If you have beta traffic, dogfood sessions, sales engineer demos, or historical chat logs, sample them into your eval set. Remove sensitive data before storing them. Keep the original structure when possible, including multi-turn state and tool responses.

Trace replay should answer:

  • Does the new prompt regress on cases the old prompt handled well?
  • Do latency and cost stay within your launch budget?
  • Do retrieved documents change in ways that affect answer quality?
  • Do tool calls remain stable after schema or prompt changes?
  • Do failures cluster around specific tags, users, or workflows?

Recommended visual: include a failing trace screenshot that shows the user input, prompt version, retrieved context, tool calls, model output, evaluator score, and failure reason.

Good LLM observability makes this practical. You need enough detail to reproduce the failure, assign ownership, and rerun the case after a fix.

Set release gates before you see the results

Define launch criteria before the team starts tuning prompts against the test set. Otherwise, thresholds will move whenever a favorite prompt version gets close.

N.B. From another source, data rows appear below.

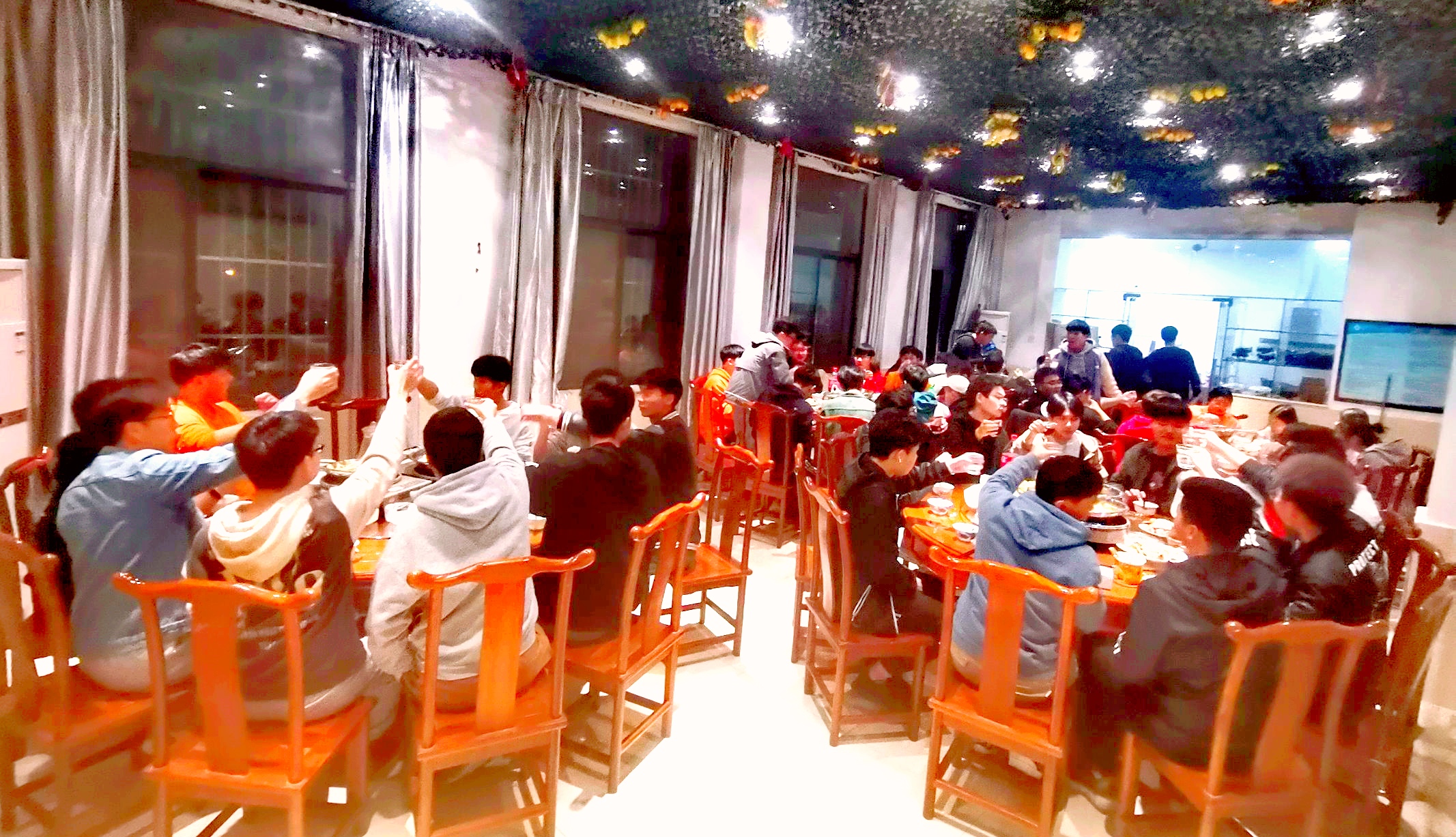 图为班级“火锅宴”师生共同举杯就餐
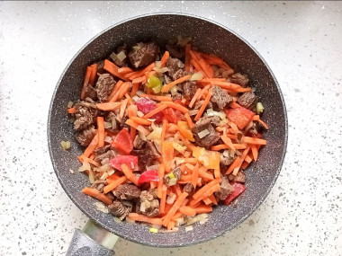 Добавьте к мясу болгарский перец, лук и морковку. Помешивая, готовьте от 5 до 7 минут.
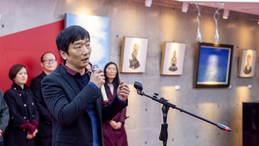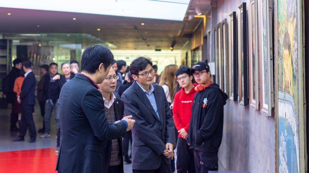 一面浓泼艳彩,一面轻墨雅韵,两种不同绘画材料却在我校艺术与传媒学院惟新馆得以融合一展、交相辉映。11月27日“浓彩轻韵”赵文梁作品展于我校嘉定校区惟新馆展览空间拉开序幕。校党委副书记、嘉定校区党工委书记冯身洪,北京理工大学工会副主席郝晓玲,我校工会、党委宣传部、党委教师工作部、学、研工部、艺术与传媒学院等部门相关负责人及兄弟学院有关负责人受邀出席了画展开幕仪式。各学院师生慕名而来,参览了本次作品展并聆听了赵文梁老师现场讲解其创作缘由和技法运用。

A simple release gate might look like this:

  • P0 failures: 0 allowed
  • P1 pass rate: at least 98%
  • Overall regression pass rate: at least 95%
  • Schema validity: 99.5% or higher
  • Tool-call accuracy: 97% or higher on tagged tool cases
  • Median latency: under 2.5 seconds for non-streaming flows
  • p95 latency: under 8 seconds
  • Average cost: within 10% of budget
  • Reviewer calibration: evaluator agreement of 90% or higher on the calibration set

Adjust these numbers for your product risk. A writing assistant can tolerate more subjective variation than an agent that updates billing settings or files support tickets.

Recommended visual: include a release-gate screenshot with each criterion, current result, pass/fail status, owner, and link to failing cases.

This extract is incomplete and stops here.